These records contain pictures, which must be left out; copy exactly the lines from the one with "Gambarin created a" up to and including the one with "Church, Communication and".

- [Supplied material]:
---
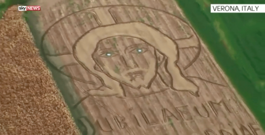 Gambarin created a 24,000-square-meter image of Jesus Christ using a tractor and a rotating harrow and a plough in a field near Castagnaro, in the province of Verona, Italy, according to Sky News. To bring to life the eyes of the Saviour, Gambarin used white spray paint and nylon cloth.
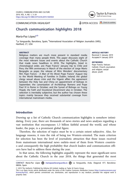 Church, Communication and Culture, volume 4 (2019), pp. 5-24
---
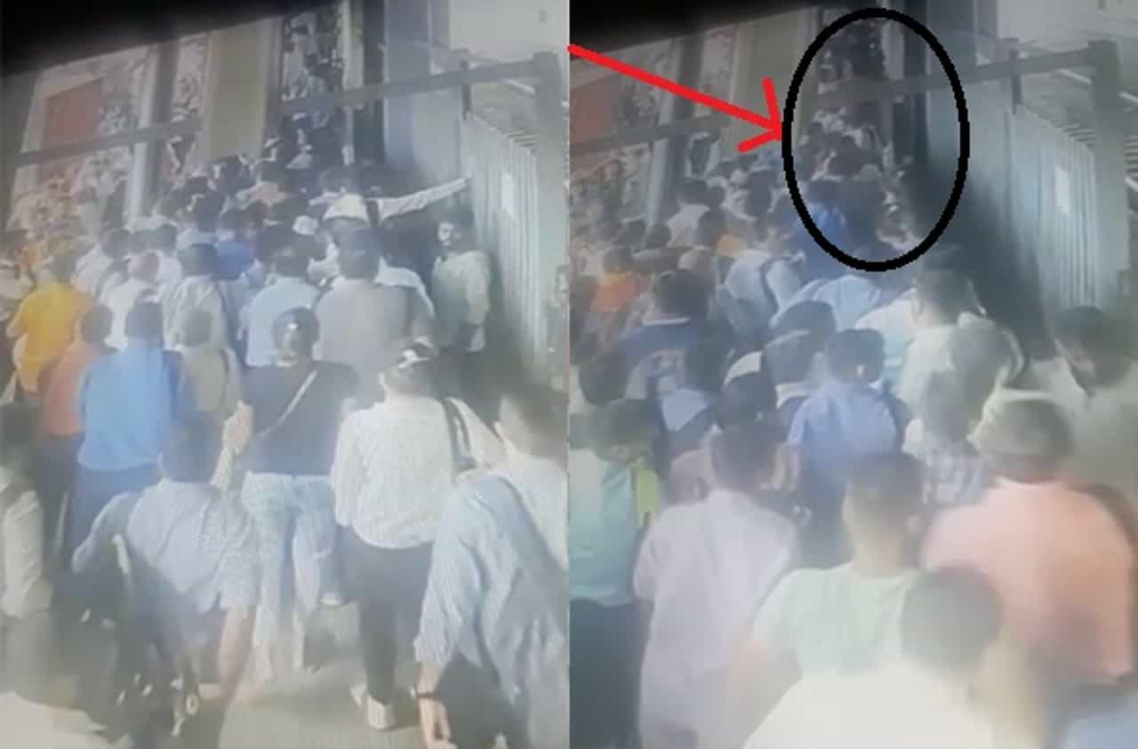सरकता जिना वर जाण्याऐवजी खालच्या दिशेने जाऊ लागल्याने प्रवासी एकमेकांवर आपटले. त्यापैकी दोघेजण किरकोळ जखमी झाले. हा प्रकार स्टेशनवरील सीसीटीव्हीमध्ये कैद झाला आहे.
---
- [Expected answer]:
 Gambarin created a 24,000-square-meter image of Jesus Christ using a tractor and a rotating harrow and a plough in a field near Castagnaro, in the province of Verona, Italy, according to Sky News. To bring to life the eyes of the Saviour, Gambarin used white spray paint and nylon cloth.
 Church, Communication and Culture, volume 4 (2019), pp. 5-24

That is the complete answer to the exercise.